Thirty-six charities were successful in registering this year, with assets worth £76 million. However, in total, between 350 and 400 charities are registered, with assets worth a billion pounds.

Mr Mills said: ‘Already, at the end of 2018, the register revealed assets available to 36 Jersey-registered charities which were nearer a hundred than 50 million pounds; extrapolating that to the likely eventual steady-state number of registrations, say, somewhere between 350 and 400, the asset base of the charity sector may, overall, be a billion pounds. We never quite knew this, and the details will have to wait for another year, but it may go some way to explaining why the voluntary sector in the country is, generally speaking, as vibrant and varied as it is, even as the taxpayer struggles to fund so much else.’
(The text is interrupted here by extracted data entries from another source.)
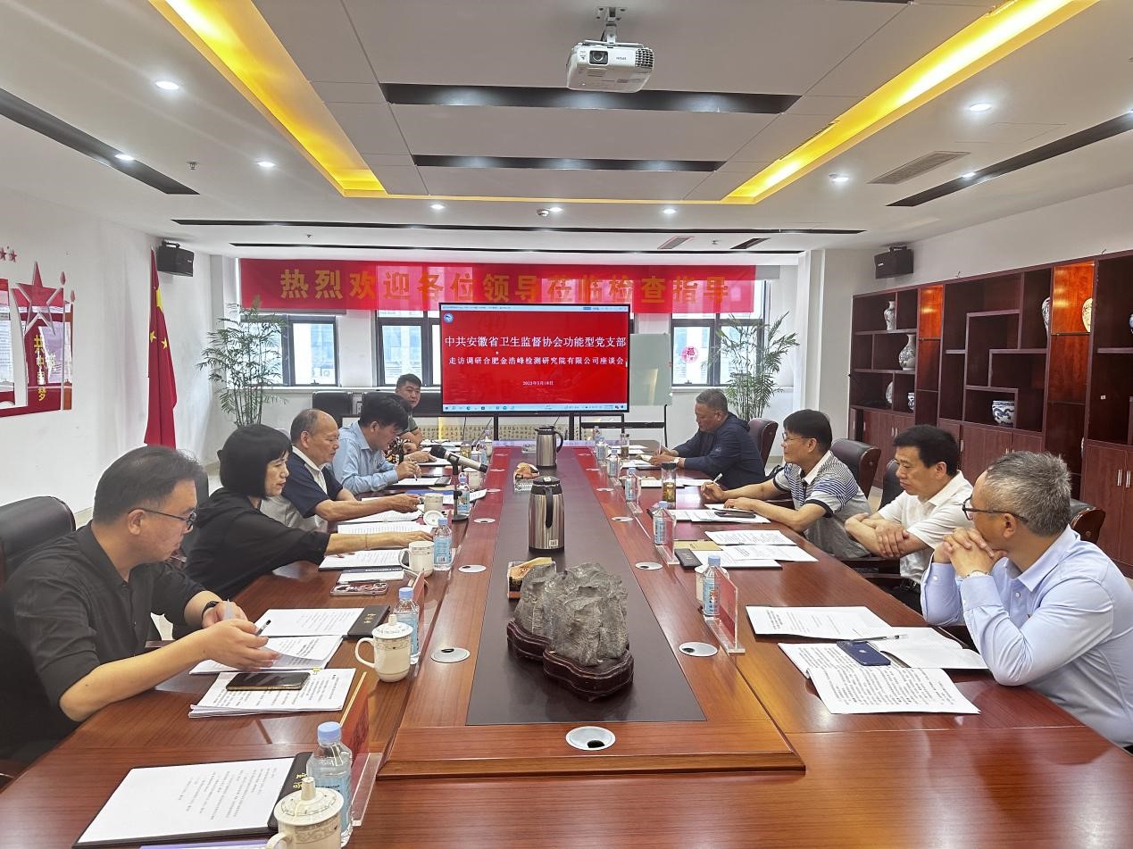 日前,由协会党支部支委会委员和部分党员理事组成的走访调研组走访调研了协会常务理事单位-合肥金浩峰检测研究院有限公司,合肥金浩峰公司李大飞、王伟宝等公司领导陪同调研。
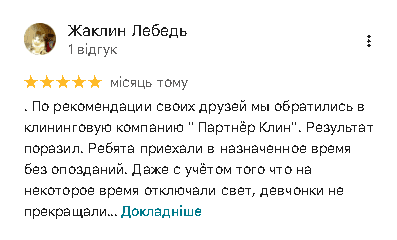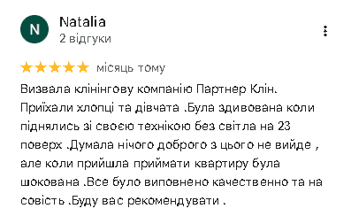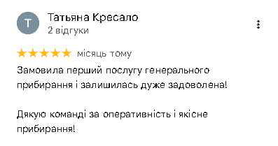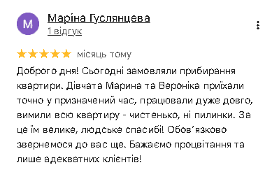 Якщо ми запізнимося, зробимо знижку 10% на все прибирання або почистимо одну одиницю меблі за наш рахунок.
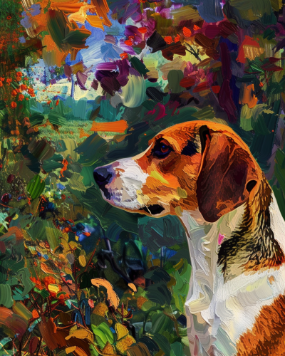 A commanding American Foxhound overseeing a lush farm, depicted with Van Gogh's intense colors, Dali's abstract forms, Monet's colorful landscapes, and Renoir's soft, diffuse light. Created Using: intense colors, abstract forms, colorful landscapes, soft diffuse light, commanding animal figure, lush farm setting, hd quality, natural look --ar 4:5 --v 6.0

Of the 36 charities registered last year, 21 operate solely in Jersey, 11 in both Jersey and the UK and four abroad, although they are based in Jersey.

Mr Mills added that the commission had been busy processing a large number of applications.

He said: ‘By the end of the year, no less than 434 applications for registration had been made, perhaps a slightly remarkable number for so small a country, and the process of registration was in train.’

Other findings in the report show that the commissioner and his office cost £148,000 in 2018, with 75% of the funds being spent on remuneration.

Figures also showed that 71% of Jersey adults had confidence in the Island’s charities, compared with 58% for the judiciary and 28% for the government.


One thing Mr Mills wants to continue to encourage is transparency from charities by publishing documents and accounts.

It is something that most do, but he insists there is still a bit of work to be done.

He added: ‘Quite a few full sets of accounts are available on the websites of registered charities, but it is evident that practice in this regard is not uniform.